By David L. Phillips/
AFTER months of talks mediated by the European Union, Serbia andKosovo signed an agreement last month to resolve disputes dating from the 1990s, when Kosovo, a former province of Yugoslavia, effectively won independence following a Western-led military intervention.
But the deal won’t reconcile the two Balkan nations or help them gain admission to the European Union. To make matters worse, the two nations said this week that they could not agree on a timetable for implementing the agreement.
This setback is nothing on the scale of Balkan massacres in the 1990s, but it represents a continued failure to put the region’s troubled past behind it through integration with the rest of Europe.
Most of Kosovo’s 1.7 million people are ethnic Albanian and Muslim, but a substantial Serbian and Orthodox Christian minority in the north receives NATO protection and is effectively autonomous from the national government.
The agreement, signed April 19, accepts that Serbia — which does not recognize Kosovo’s independence, declared in 2008 — has a continued role in protecting the interests of Serbs in northern Kosovo. In effect, it divides Kosovo into an Albanian heartland with a Serbian appendage.
Far from overcoming ethnic and sectarian divisions, the deal validates the violent nationalistic agenda of a “greater Serbia” advanced by Slobodan Milosevic, who died in prison in 2006 while facing war crimes charges. It also encourages aspirations for a “greater Albania” among ethnic Albanians in Albania, Kosovo, Macedonia and Montenegro.
Grievances date to the era of Ottoman rule. They were suppressed under Communism, only to flare up after the breakup of Yugoslavia in 1991-2. While Western military intervention helped stop the slaughter of Bosnian Muslims in 1995 and of Kosovars in 1999, it has not resolved the Balkans’ political disagreements.
The lure of European Union membership was supposed to overcome those enmities. Of the former Yugoslav republics, Slovenia joined first, in 2004. Croatia will join on July 1. But the others aren’t close to satisfying the terms of membership, even though Macedonia, Montenegro and Serbia are officially “candidates,” and Kosovo and Bosnia and Herzegovina are “potential candidates,” as is Albania.
As Turkey has learned well, some European nations just don’t want a majority-Muslim country in their club. Some also disparage the Balkans as bastions of fiscal instability and as havens for drug traffickers and criminal gangs.

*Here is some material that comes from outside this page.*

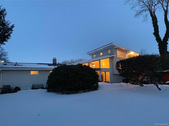 Move into the cherished Stratfield community and enjoy living in this modern contemporary home tucked away on a quiet cul de sac. High quality living space coupled with dramatic open concept design is evident in this completely updated home offering soaring vaulted ceilings and a wall of windows overlooking the picturesque .34 property. Entertaining is a breeze with the updated kitchen, finished playroom in basement and large outdoor patio with retractable awning. Master bedroom suite offers vaulted ceilings, balcony overlooking rear property and a cozy gas fireplace providing a work from home environment that is unmatched. The spa like master bathroom offers a jetted tub and a separate shower coupled with his and her vanities. The perfectly designed suite is finished with a dressing room. This meticulously designed home offers beautiful hardwood floors throughout, 3 beautifully appointed baths to service the 3 bedrooms, zoned gas heat and central air conditioning and irrigation system. You will be thrilled to see the blooming colors come spring. Make this mid century inspired home your dream home. Published square footage does not include finished basement.
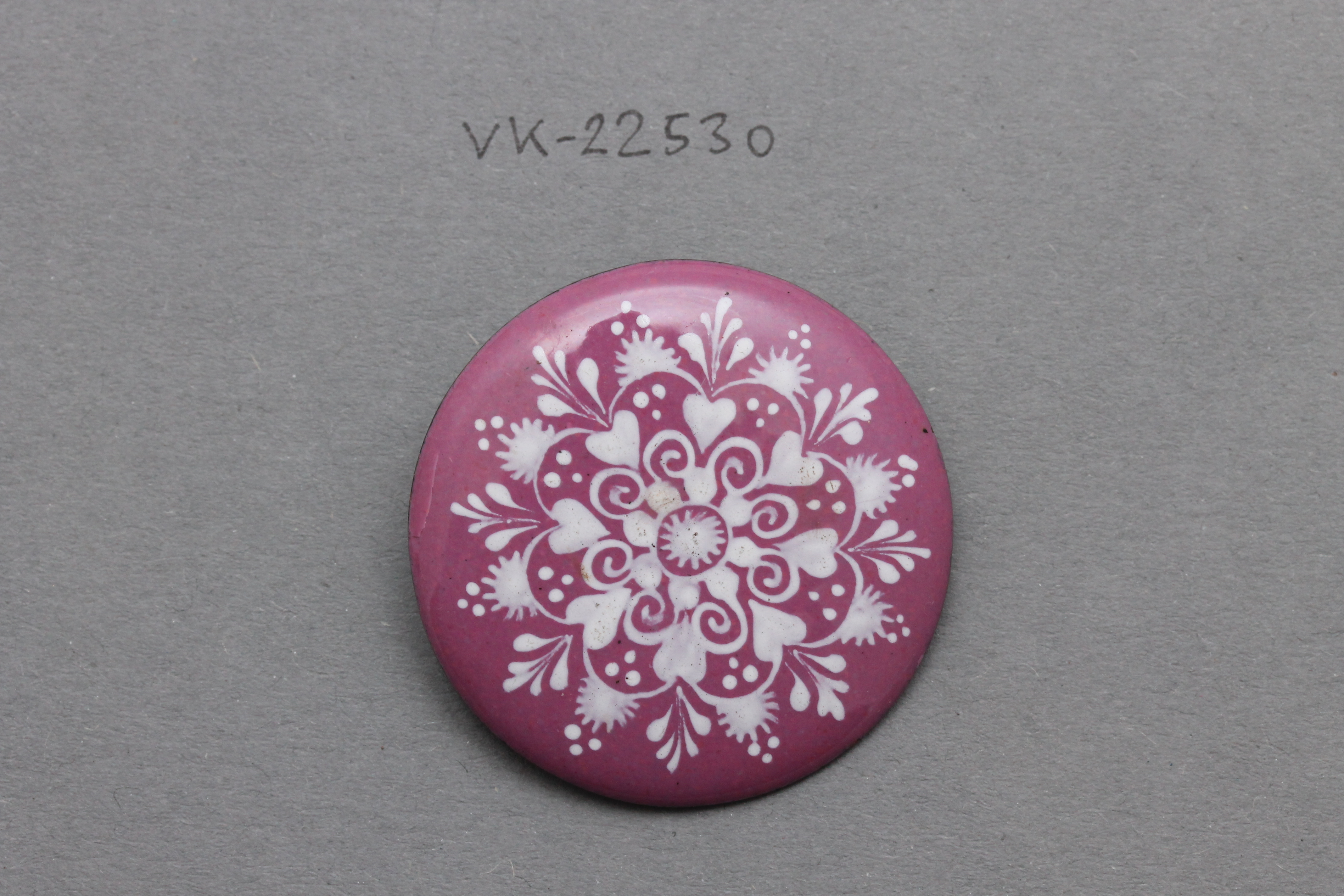 Brosche aus einer runden Blechscheibe, an der Vorderseite rosa mit weißem ornamentalem Motiv, an der Rückseite blau gesprenkelt, mit aufgeklebter Anstecknadel.

There has been a renewal of unsubstantiated allegations, dating from the 1990s, that the Kosovo Liberation Army, including some current leaders of Kosovo, was involved in trafficking human organs. Last week in Pristina, the capital, a panel of European Union and Kosovo judges convicted a Pristina urologist and four other men of involvement in more recent organ trafficking.

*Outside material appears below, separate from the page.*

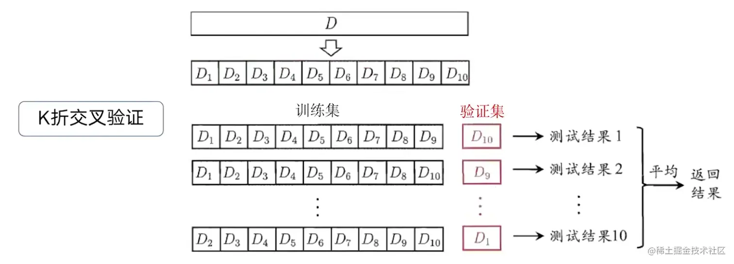 我们将数据分为K份,进行K次模型预测,我们选择其中一折数据作为验证集对模型进行验证
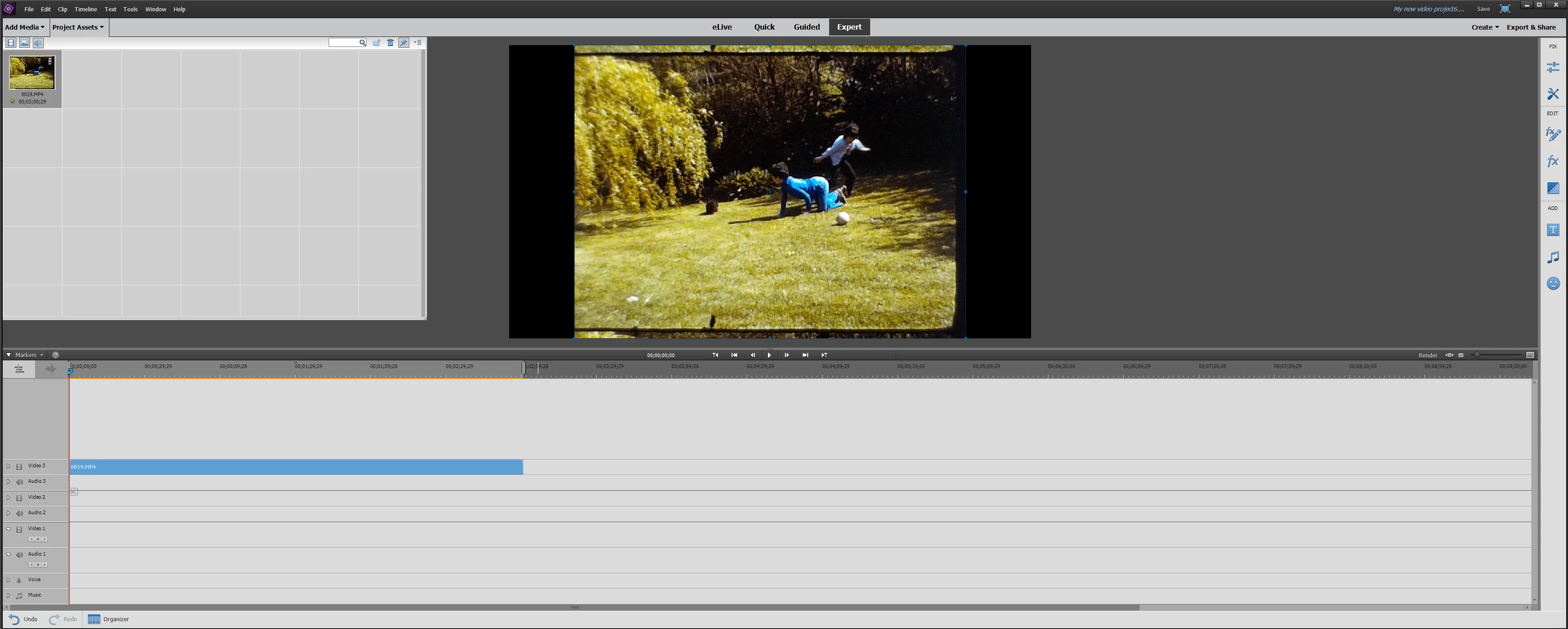 In Adobe Elements I found that when I create a new project to edit these videos I have to select "PAL->Hard Disk->Standard 48Khz". This is because this is the only project with a 4:3 aspect ratio. The preview window is the correct aspect ratio (4:3) and when I add my media it correctly fills the entire preview window (see the attached "standard" image).

So while the goal of a “Europe united and at peace” endures, Serbs and Kosovars have become cynical about their chances of admission. Hence the street protests that engulfed Belgrade and Pristina after last month’s deal was signed.
The West needs a fresh approach for the Balkans, an arrangement somewhere between partition into monoethnic mini-states and a continentwide superstate.

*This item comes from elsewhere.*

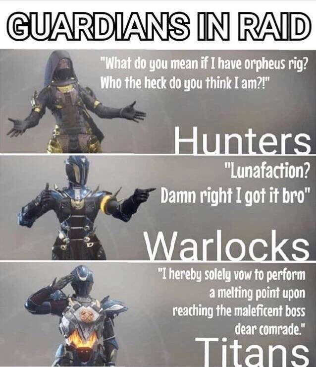 Anyone who has played Destiny 2 long enough to engage in a Raid should immediately understand this meme. When Raids first release, guardians are eager to jump in and get their hands dirty, swimming through hordes of enemies, difficult puzzles, and frustrating bosses just to be among the first to conquer the newest threat to harass the galaxy. You can pretty much guarantee at least a week or two of high-octane action, and then the guides and speedruns start pouring in. Pretty soon, everyone has their role, and anyone looking to "get things done as smoothly and quickly as possible" better have the right exotics equipped.
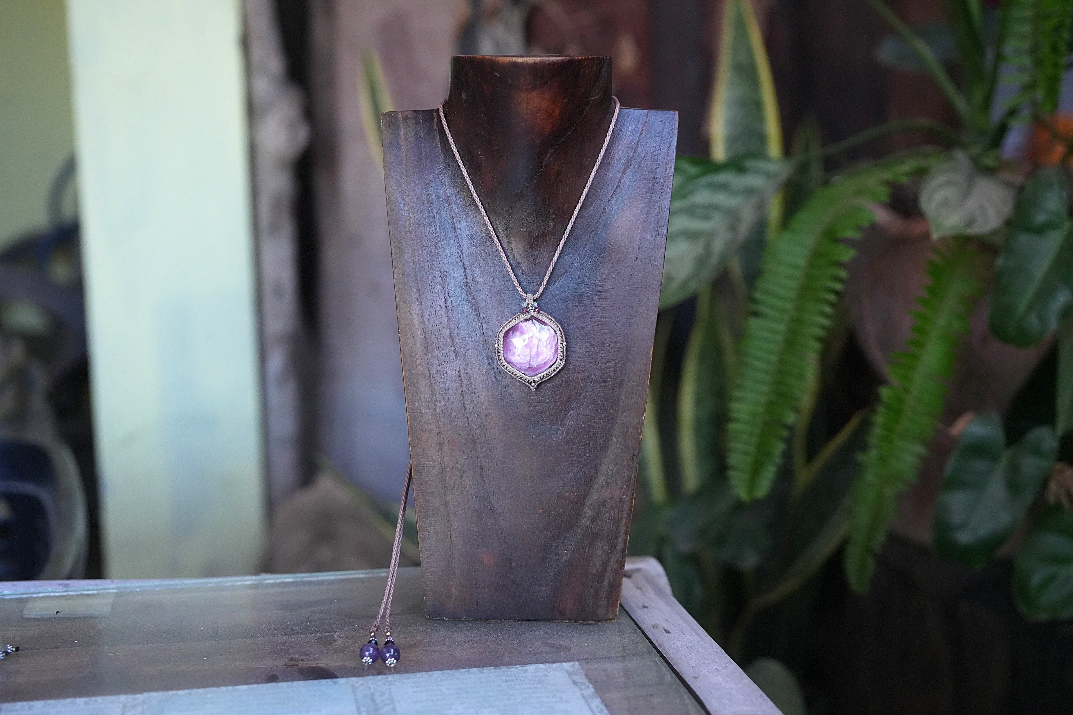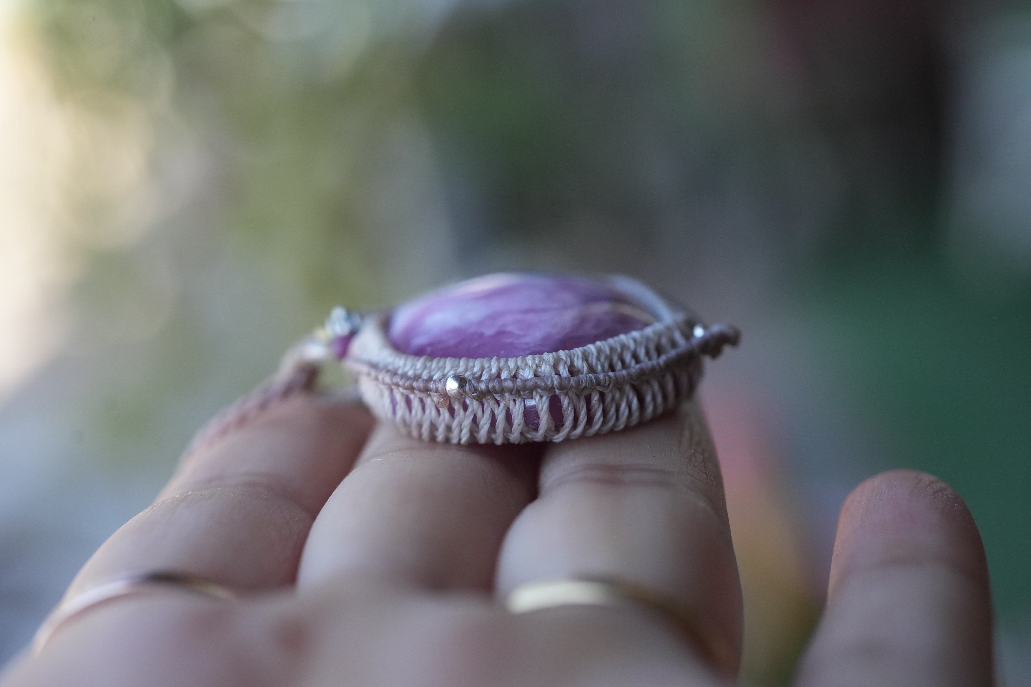 ◆このたびはキナリ、カフェオレ色の蝋引き糸を使用しマクラメ編み装飾を施しました。

This middle way — call it “interest solidarity” — would preserve national sovereignty and borders, while enabling members of ethnic and other groups to cooperate with their counterparts in the region, in fields like trade, transport, education, media and the arts. In 2007, the envoy Martti Ahtisaari included, in his final status proposal for Kosovo, extensive minority rights — including local autonomy in economic, cultural, environmental and other areas. Serbia rejected the plan. But its principles still represent the standard for a lasting settlement.
Building ties of common interest beyond its borders has helped stabilize Northern Ireland since 1998. It could improve relations between Sunni and Shiite Muslims in the Middle East, and offer new outlets for the dreams of “stateless” Kurds in Turkey, Iraq and Iran.
This will work only under governments that promote minority rights, and among parties with leaders ready for peace.
An overwhelming majority of Albanians support democracy, human rights and free markets. They are pro-Western and pro-NATO. In contrast, Serbs have had a history of intolerance against non-Serbs and Muslims, and of aggression and forced expulsions to create a Serbian homeland in territories where they have historical claims — notably Kosovo, but also Bosnia.
For sure, this plan for a peaceful “Albanian neighborhood” — or a “Serbian neighborhood,” for that matter — could be manipulated by extremists. It would be up to responsible local leaders and the international community to prevent that.
But “interest solidarity” offers real hope of reducing sectarian tensions. It is certainly preferable to further subdividing the Balkans.
David L. Phillips, a program director at the Institute for the Study of Human Rights, Columbia University, is the author of “Liberating Kosovo: Coercive Diplomacy and U.S. Intervention.”